__ASSIGNMENT__.
The full listing, written out exactly and without images, is the expected result.
=== SUPPLIED ENTRIES ===
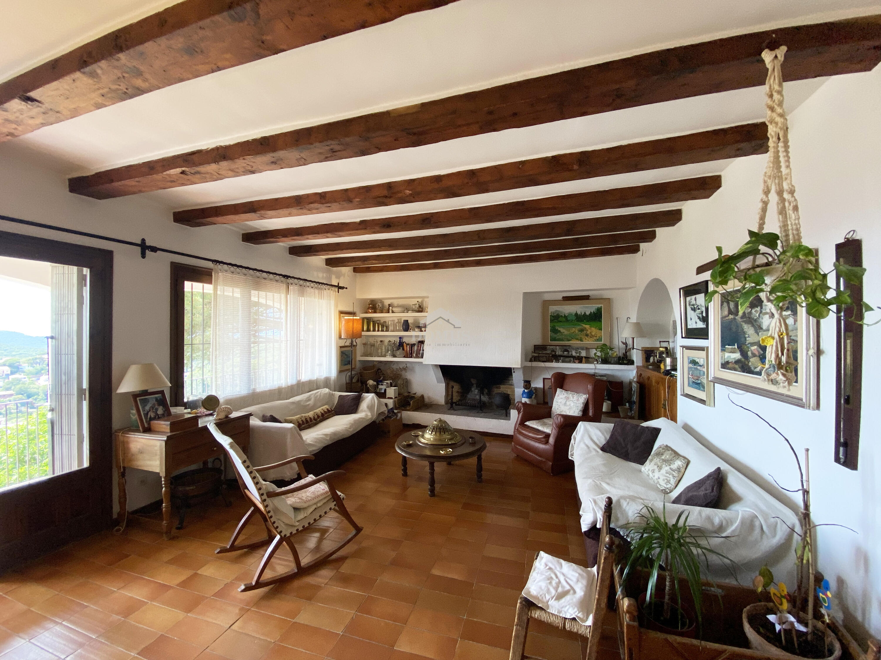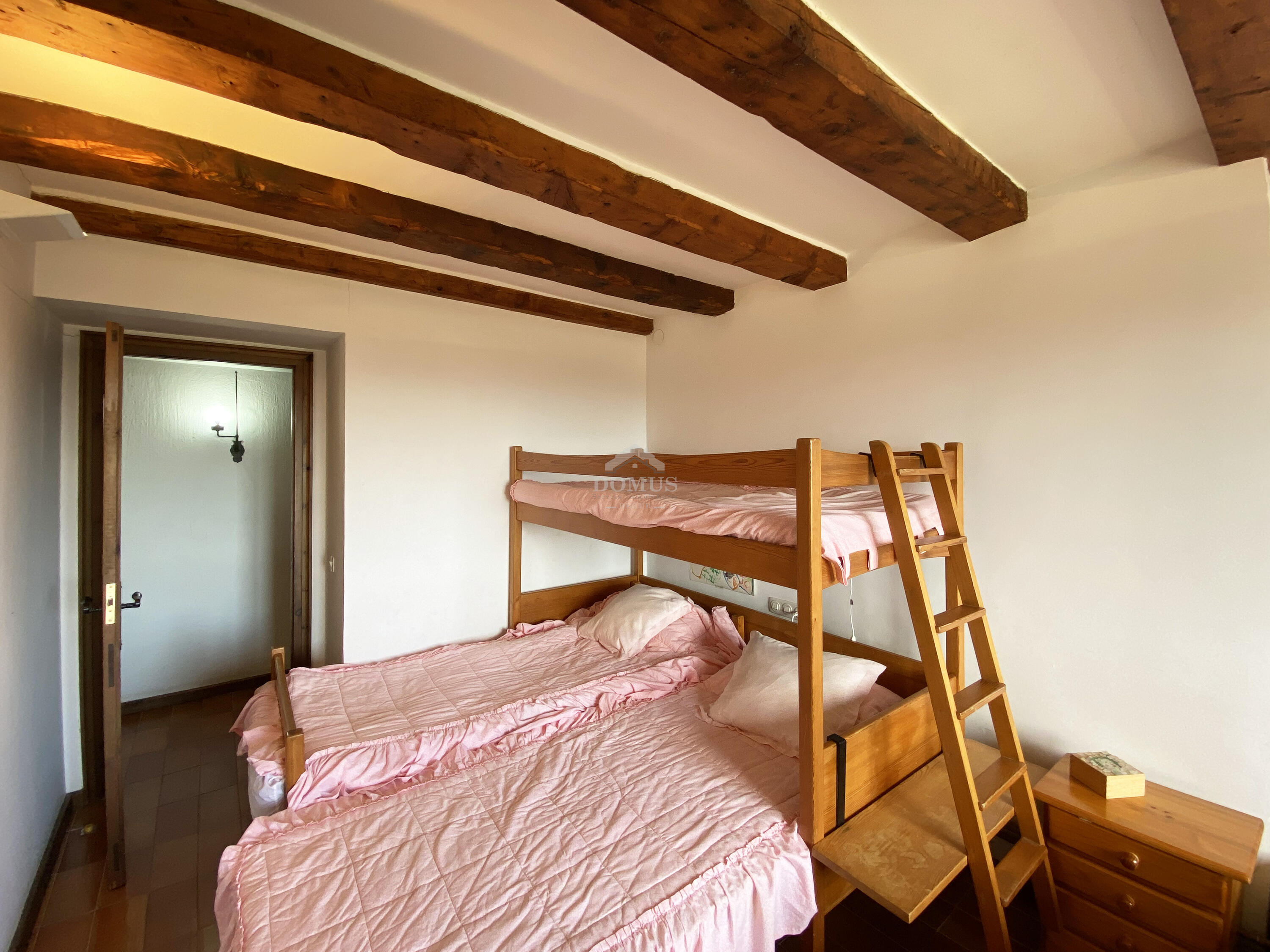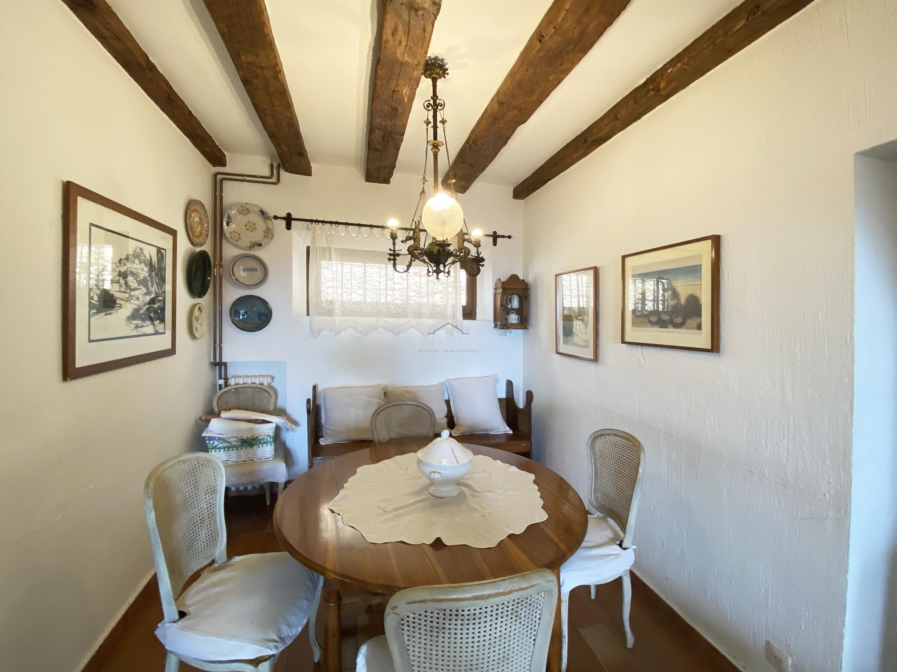 La planta inferior, dissenyada per al confort i la vida quotidiana, ofereix una àmplia zona d’estar-menjador amb sortida directa a una terrassa privada, perfecta per sopars a la fresca. La cuina, independent i funcional, manté l'estil tradicional.
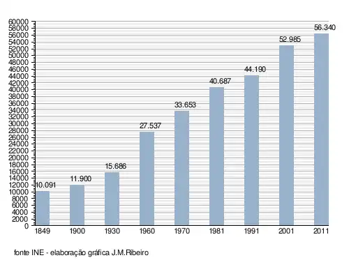 (Obs: De 1900 a 1950 os dados referem-se à população "de facto", ou seja, que estava presente no concelho à data em que os censos se realizaram. Daí que se registem algumas diferenças relativamente à designada população residente)
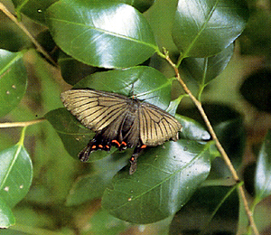 の数が少なく、赤い三日月形の紋が小さく、体も少し小づくりなことのほかはジャコウアゲハにそっくりだ。昼間木陰の葉上で休んでいるのをときどき見る。
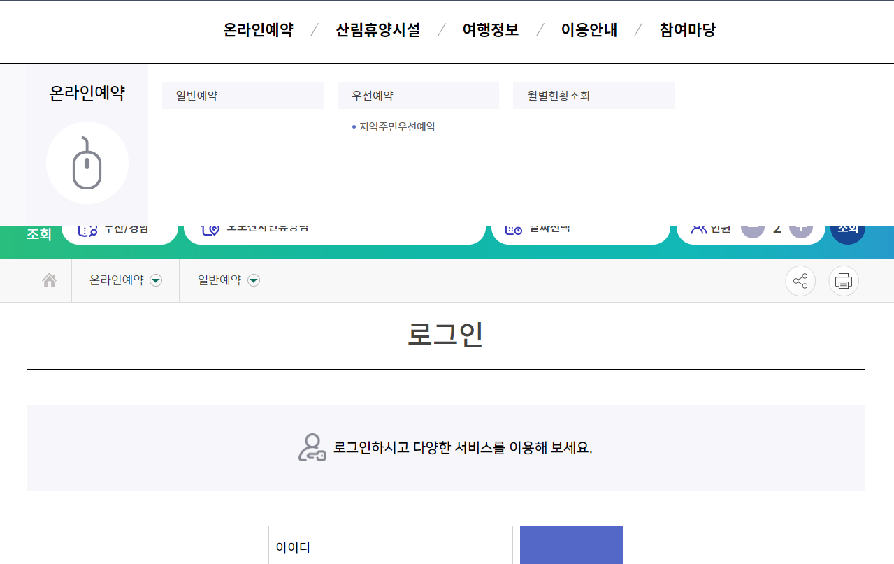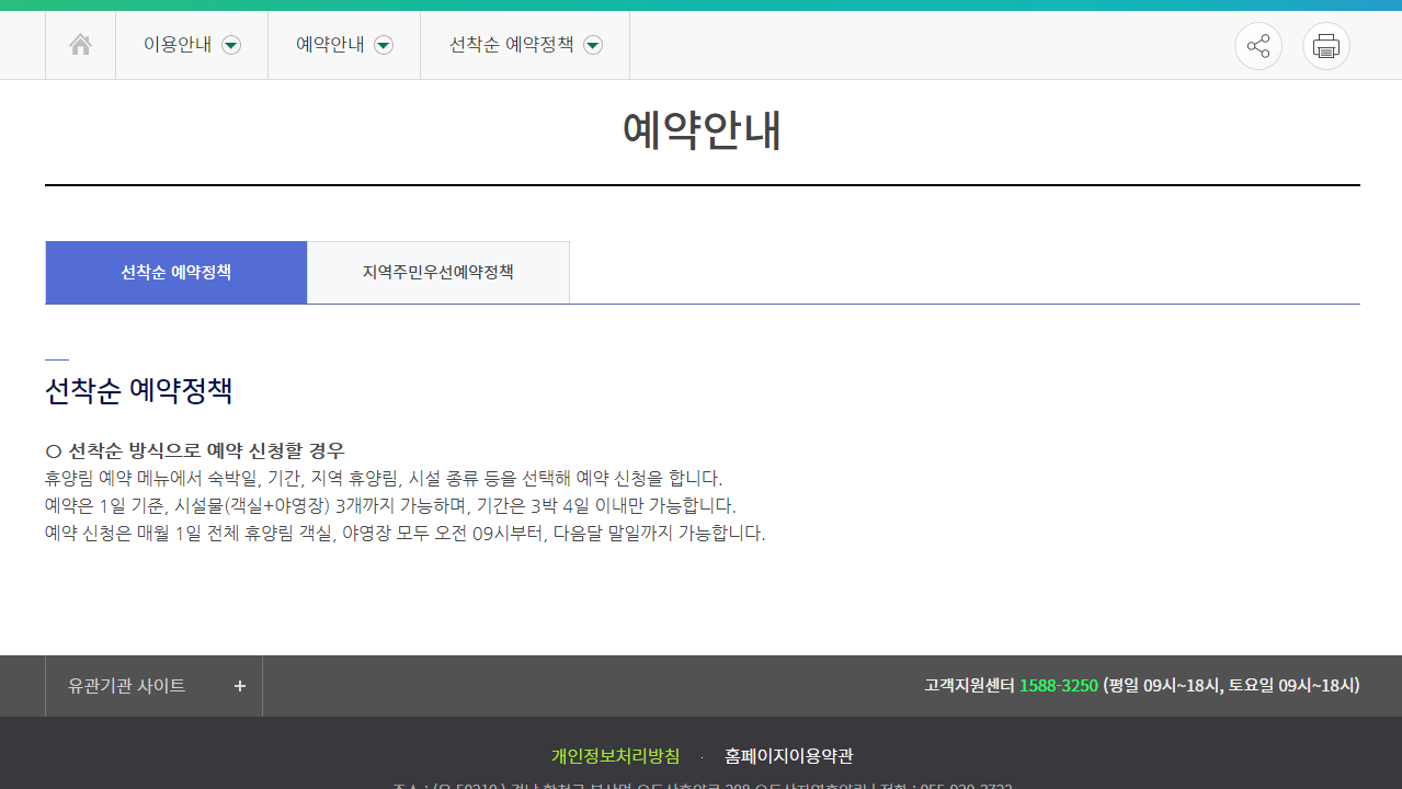 일반예약, 우선예약(지역주민우선예약)을 할 수 있으며 월별현황도 조회할 수 있습니다.
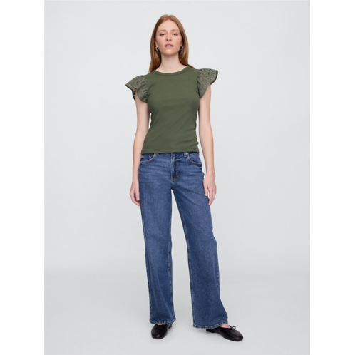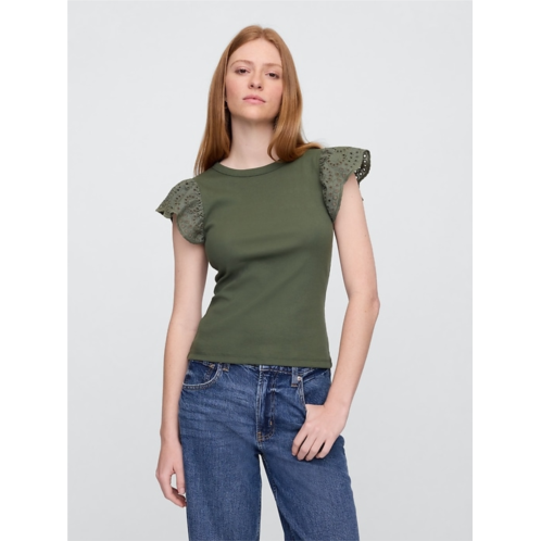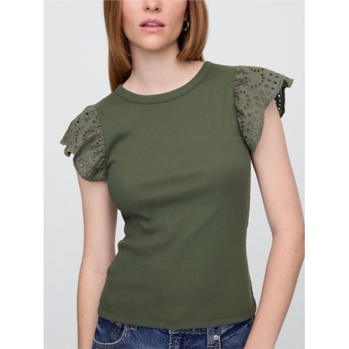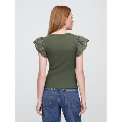 Gap Ribbed Eyelet Flutter Sleeve T-Shirt
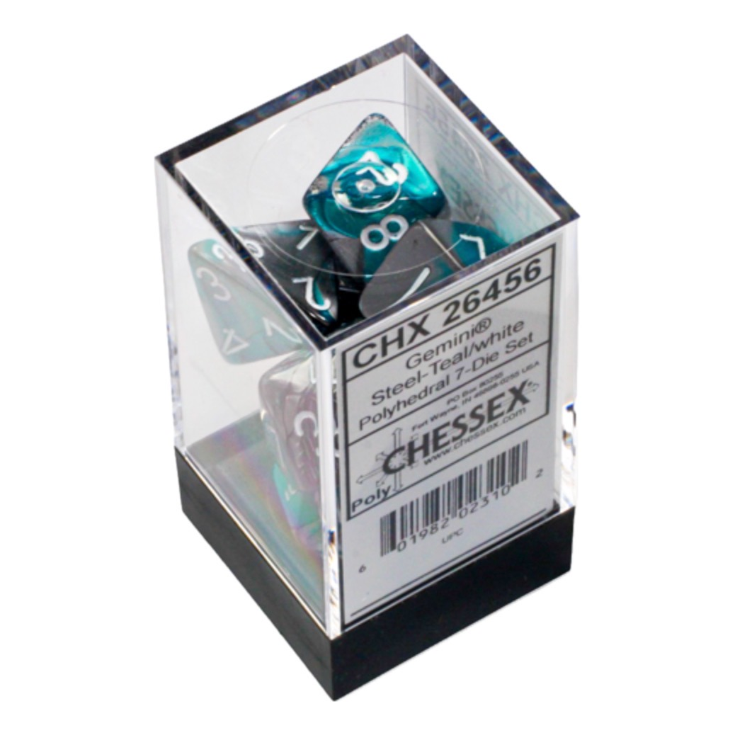 10245Chessex – Set di Dadi – Gemini Steel-Teal/white (CHX26456)
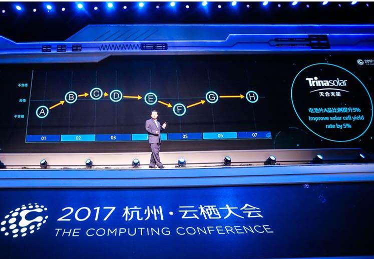 閔萬里介紹道,天合光能引入ET工業(yè)大腦后,對上億條生產(chǎn)數(shù)據(jù)進行實時分析,在上萬個生產(chǎn)參數(shù)中找到最佳生產(chǎn)模型。人工智能為光伏產(chǎn)線找到了更優(yōu)的生產(chǎn)工藝,提升電池片轉(zhuǎn)換效率。
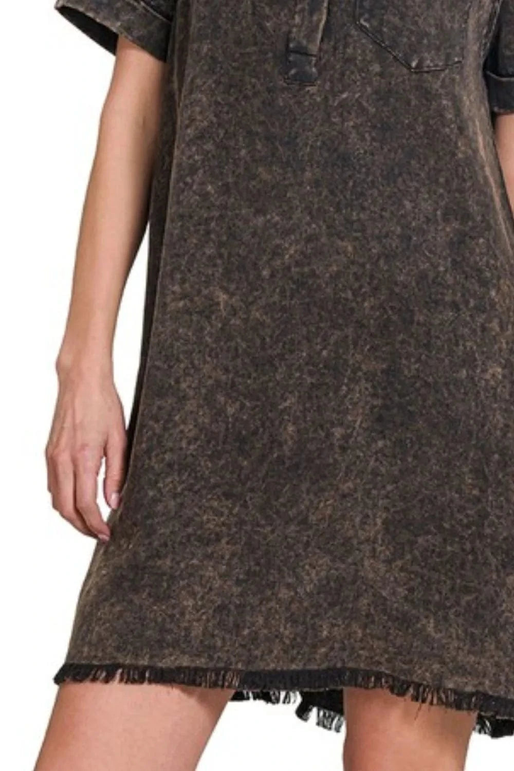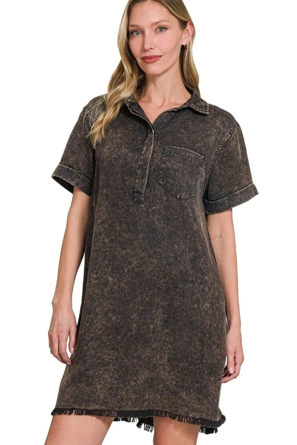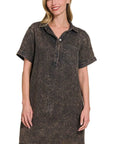 Zenana Tencel Mineral Washed Collared Shirts Dress
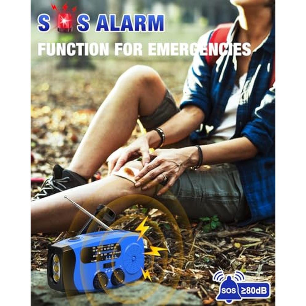 - SOS Alarm Function for Emergencies This emergency hand crank radio has been upgraded to include a SOS distress function. When stranded in a snowstorm or hurricane, you can press and hold for 3 seconds to sound a siren louder than 80 decibels to attract the attention or help of rescuers
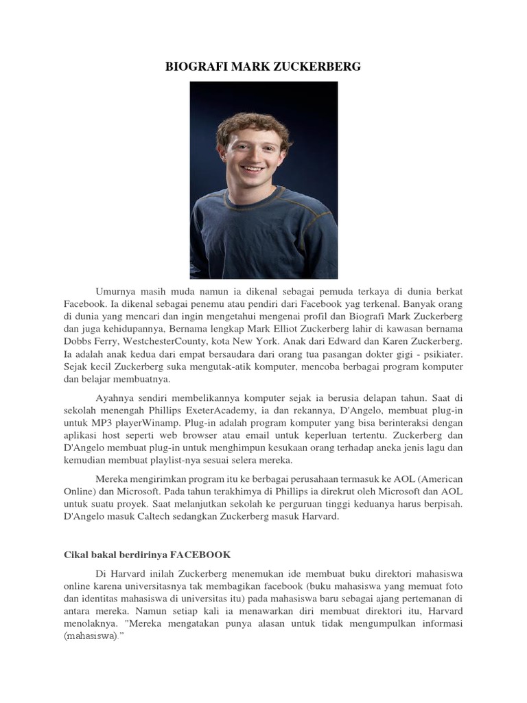Biografi Mark Zuckerberg Pendiri Facebook.com - Biografi Tokoh
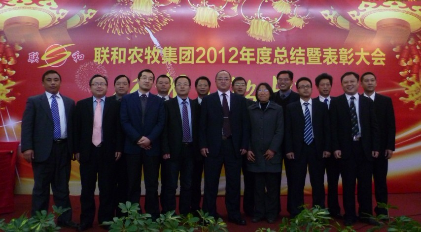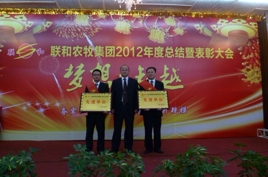 總結(jié)表彰大會為期2天(17-18日)。在17日當(dāng)天的總結(jié)大會上集團(tuán)邀請了清華大學(xué)客座教授、上海輔音國際的首席顧問趙明和王中老師為參會的近300人分別作了培訓(xùn)。上午王中老師作了《三大經(jīng)典營銷工具》的培訓(xùn),下午趙教授作了《產(chǎn)品可以豎著賣》和《如何打造執(zhí)行力》的培訓(xùn)。18日上午集團(tuán)總部各部門總監(jiān)以及各分子公司總經(jīng)理為2012年度獲得優(yōu)秀主管、優(yōu)秀員工以及銷售經(jīng)營頒發(fā)榮譽(yù)證書和授獎,集團(tuán)總裁王曉林為獲得2012年年度聯(lián)和農(nóng)牧集團(tuán)的先進(jìn)單位新干縣聯(lián)和實(shí)業(yè)有限公司、云南聯(lián)創(chuàng)飼料有限責(zé)任公司頒發(fā)榮譽(yù)證書和獎牌。
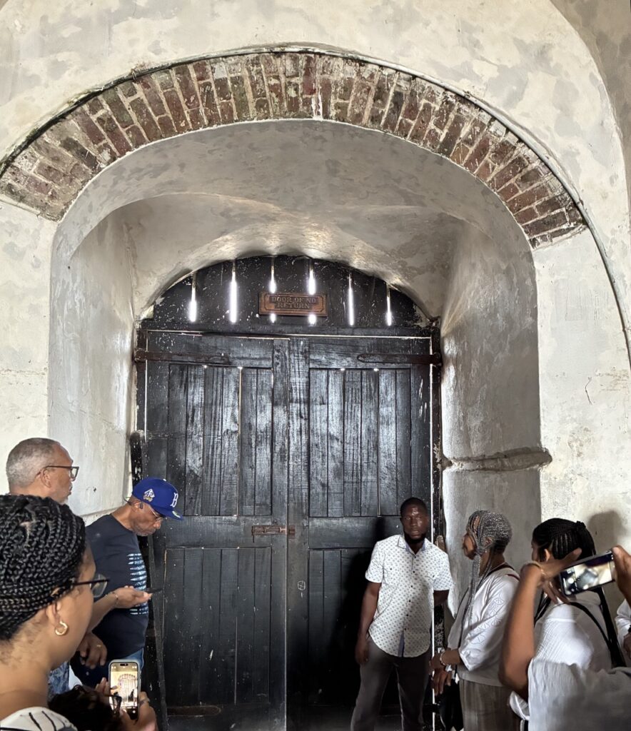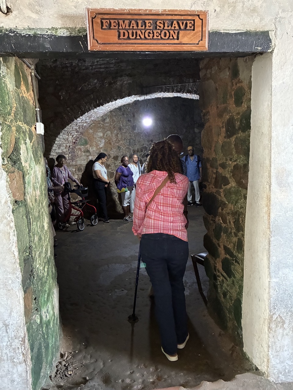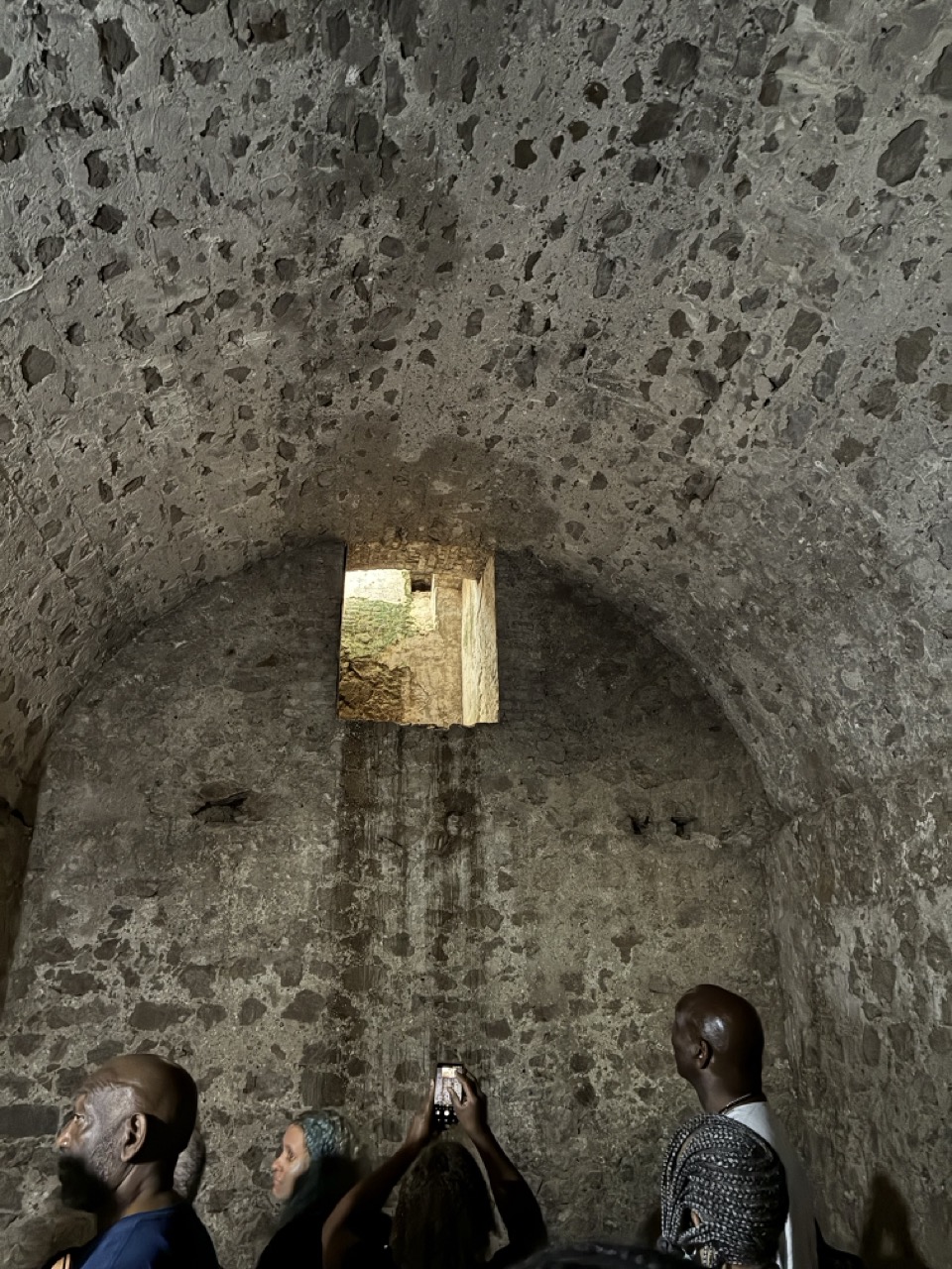 I silently prayed while entering the male slave dungeon, which consisted of a few rooms. Each small chamber had held 100-200 people with only three small holes at the top of the high walls to allow cool, fresh air. The windows were far too high to see out of or escape through. Enslaved Africans spent one to three months in a dungeon.
===
__RESPONSE__.
 La planta inferior, dissenyada per al confort i la vida quotidiana, ofereix una àmplia zona d’estar-menjador amb sortida directa a una terrassa privada, perfecta per sopars a la fresca. La cuina, independent i funcional, manté l'estil tradicional.
 (Obs: De 1900 a 1950 os dados referem-se à população "de facto", ou seja, que estava presente no concelho à data em que os censos se realizaram. Daí que se registem algumas diferenças relativamente à designada população residente)
 の数が少なく、赤い三日月形の紋が小さく、体も少し小づくりなことのほかはジャコウアゲハにそっくりだ。昼間木陰の葉上で休んでいるのをときどき見る。
 일반예약, 우선예약(지역주민우선예약)을 할 수 있으며 월별현황도 조회할 수 있습니다.
 Gap Ribbed Eyelet Flutter Sleeve T-Shirt
 10245Chessex – Set di Dadi – Gemini Steel-Teal/white (CHX26456)
 閔萬里介紹道,天合光能引入ET工業(yè)大腦后,對上億條生產(chǎn)數(shù)據(jù)進行實時分析,在上萬個生產(chǎn)參數(shù)中找到最佳生產(chǎn)模型。人工智能為光伏產(chǎn)線找到了更優(yōu)的生產(chǎn)工藝,提升電池片轉(zhuǎn)換效率。
 Zenana Tencel Mineral Washed Collared Shirts Dress
 - SOS Alarm Function for Emergencies This emergency hand crank radio has been upgraded to include a SOS distress function. When stranded in a snowstorm or hurricane, you can press and hold for 3 seconds to sound a siren louder than 80 decibels to attract the attention or help of rescuers
Biografi Mark Zuckerberg Pendiri Facebook.com - Biografi Tokoh
 總結(jié)表彰大會為期2天(17-18日)。在17日當(dāng)天的總結(jié)大會上集團(tuán)邀請了清華大學(xué)客座教授、上海輔音國際的首席顧問趙明和王中老師為參會的近300人分別作了培訓(xùn)。上午王中老師作了《三大經(jīng)典營銷工具》的培訓(xùn),下午趙教授作了《產(chǎn)品可以豎著賣》和《如何打造執(zhí)行力》的培訓(xùn)。18日上午集團(tuán)總部各部門總監(jiān)以及各分子公司總經(jīng)理為2012年度獲得優(yōu)秀主管、優(yōu)秀員工以及銷售經(jīng)營頒發(fā)榮譽(yù)證書和授獎,集團(tuán)總裁王曉林為獲得2012年年度聯(lián)和農(nóng)牧集團(tuán)的先進(jìn)單位新干縣聯(lián)和實(shí)業(yè)有限公司、云南聯(lián)創(chuàng)飼料有限責(zé)任公司頒發(fā)榮譽(yù)證書和獎牌。
 I silently prayed while entering the male slave dungeon, which consisted of a few rooms. Each small chamber had held 100-200 people with only three small holes at the top of the high walls to allow cool, fresh air. The windows were far too high to see out of or escape through. Enslaved Africans spent one to three months in a dungeon.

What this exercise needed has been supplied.